Catatan Pinggir Reuni Jateng

Oleh. Muhadam Labolo


Saya di undang mewakili pengurus. Jauh hari sebelum acara oleh Bu Sumiyati yang lugas dan baik. Undangan resminya oleh Ketua Paguyuban Jateng, Mas Anang yang masih ramping, ramah, rendah hati, serta sabar melayani rekan sejawat.

Tiba di Kota Semarang di jemput beliau dan Mas Wahyono. Mas Hari Susilo telat janjian, protokol acara cukup ketat rupanya. Baru paham jarak antar kota antar kabupaten di Jateng tak begitu jauh. Maksimal 3-4 jam sampai. Jarak ke lokasi reuni cuma 1-2 jam. Tepatnya di pegunungan kota yang indah dan dingin, Hotel Griya Persada.

Kami mampir di restoran favorit selebriti, Ikan Manyung Bu Fat. Untungnya lengang, Mas Anang dan saya menghabiskan dua kepala Ikan Manyung. Mas Wahyono menemani sambil ngobrol ngalor-ngidul agar santapan siang lekas usai. Beberapa peserta telah menanti di pendopo hotel. Telpon Mas Arief Betet dan Paulus berdering.
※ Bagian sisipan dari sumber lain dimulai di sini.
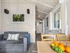 Der offene Wohnbereich bildet das Herzstück des Hauses. Mit seiner gemütlichen Couch, rustikalen Holzelementen und einem Bio-Ethanol-Kaminofen lädt er zu entspannten Abenden in wohliger Atmosphäre ein. Große Fenster holen die umliegende Natur ins Innere und lassen den Raum lichtdurchfluten. Hier können Sie auf der Couch entspannen, ein Buch lesen oder bei einer Tasse Tee den Ausblick genießen. Ein Flachbild-TV und eine Musikanlage sorgen für zusätzliche Unterhaltung.
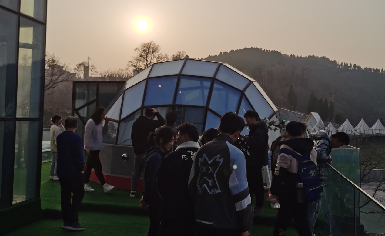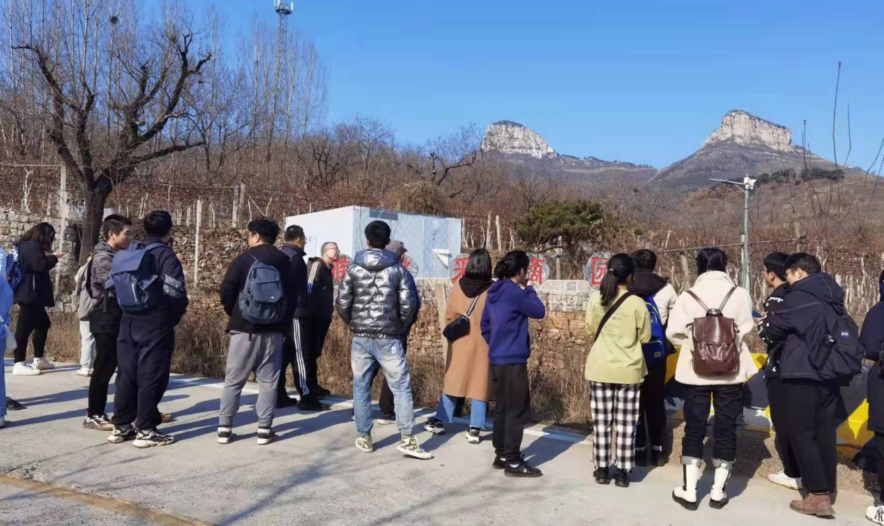 � 后调研期间,在田延峰书记的带领下,师生一行先后考察了官营村果蔬�发市场、猕猴桃采摘园,樱桃产业种植园、地瓜粉皮产业扶贫项目、党支部领办合作社项目。接下来大家到无公害蜜薯采摘基地开展农事体验活动,期间同学们就乡村振兴、产业扶贫和现代农业等问题和村委班子成员、种植农户、村民进行了深入访谈。随后一行人来到若谷山居调研,若谷山居地处四角城村,毗邻七星台景区,海拔600余米,地理位置优越、自然环境优美。若谷山居民宿为全景透明玻璃设计,以砖头、木头、石头三种元素为主要装修风格,于简洁明快中体现自然之美,集餐饮、住宿、会议、茶艺于一体,可容纳三百人同时住宿和就餐,�济南市规模最大也是最成功的精品民宿之一�
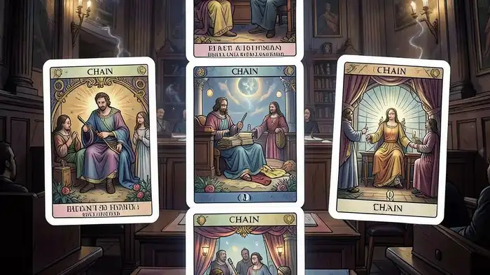 Расклад Таро «цепочка» на судебный иск о деньгах раскрывает скрытые силы и помогает выбрать стратегию победы в суде.
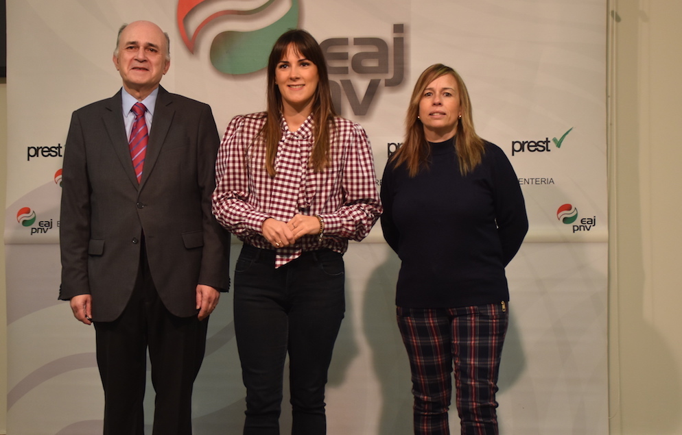 Elixabete Murua bozeramaile jeltzalea erdian, Luis Mari Oiarbide eta Jaione Francorekin. Aurrekontu proiektuari zuzenketa sorta aurkeztu dio EAJk. Zehazki, bost arlotan hamalau zuzenketa dira eta gaur eman du horren berri EAJk goizean egindako agerraldi bidez. Elixabete Murua Mindegia bozeramaleak azaldu du jeltzaleen zuzenketa sorta, eta horien helburua, gobernu taldeak 2026rako aurkeztutako udal aurrekontu proiektuari, “anbizio falta zuzentzea, aurten detektatutako beharrei erantzutea, eta datorren urteko kontuak udalerriarentzat benetako eraldatze tresna izango direla bermatzea”.

Di jalan, kami jemput Ariansyah. Dia bermalam di hotel Simpang Lima Semarang. Saya pikir ikut reuni. Rupanya beliau ada urusan dengan LBP. Soal izin atletik tingkat nasional di Jambi. Beliau staf ahli gubernur, merangkap Ketua Panitia HUT RI ke 77 Provinsi Jambi, pengurus IKAPTK, selain ketua asosiasi pedagang kopi nasional. Pendek kata, masih bisa nambah kata Mas Anang.

Mantan asuhan Rene Rinaldi itu super sibuk. Calon kakek kelima di Pasopati. Beliau kontakan dengan Paulus Agung. Eks praja NTT yang telah menjadi Mas-Mas di Kudus. Tukaran dengan Mas Eko Udiyono yang kini balik kampung jadi Sekwan di Kabupaten  Karimunjawa. Sekarang Mas Paulus punya keahlian, tabib alternatif penyakit jantung, stroke, ginjal, saraf terjepit dll.

Empat puluh lima menit kemudian kami sampai. Diarahkan Satpam merangkap room boy ke kamar masing-masing. Suasananya dingin, berbukit-bukit, lengkap dengan kolam renang, bangunan bertingkat, lokasi outbond, teater, aula, dan mushola luas. Pas untuk reuni dan melepas lelah. Saya ambil foto bersama Mas Uwes.

Kami letakkan tas dan bergegas gabung dengan peserta reuni Jateng yang baru tiba di pendopo kecil puncak bukit. Rasanya tak sabar mengenal wajah mereka yang mungkin banyak berubah. Apalagi kalau pakai masker, pasti tak mudah diidentifikasi. Disitu ada Mas Budi, Antin, Rafael, Lina, Yusi, Revon, Agung, Puput, Dwi, Edy, Bambang, Eko Supriyanto, Atun, Dedi, Yadi dll.

Pertemuan sebentar itu penuh teriakan hai. Bisa ditebak pertanyaan pertama, tugas dimana? sebagai apa? Itu lazim untuk usia 40an akhir sebelum masuki 50an. Sebentar lagi pertanyaannya anak berapa? Bahkan sambil bercanda istri berapa? Nggk berani kawin lagi ya? Rame dengan pecahan canda sambil jaim bila kebetulan bawa bojone. Itu menegangkan. Kuatir dievaluasi pasca reuni.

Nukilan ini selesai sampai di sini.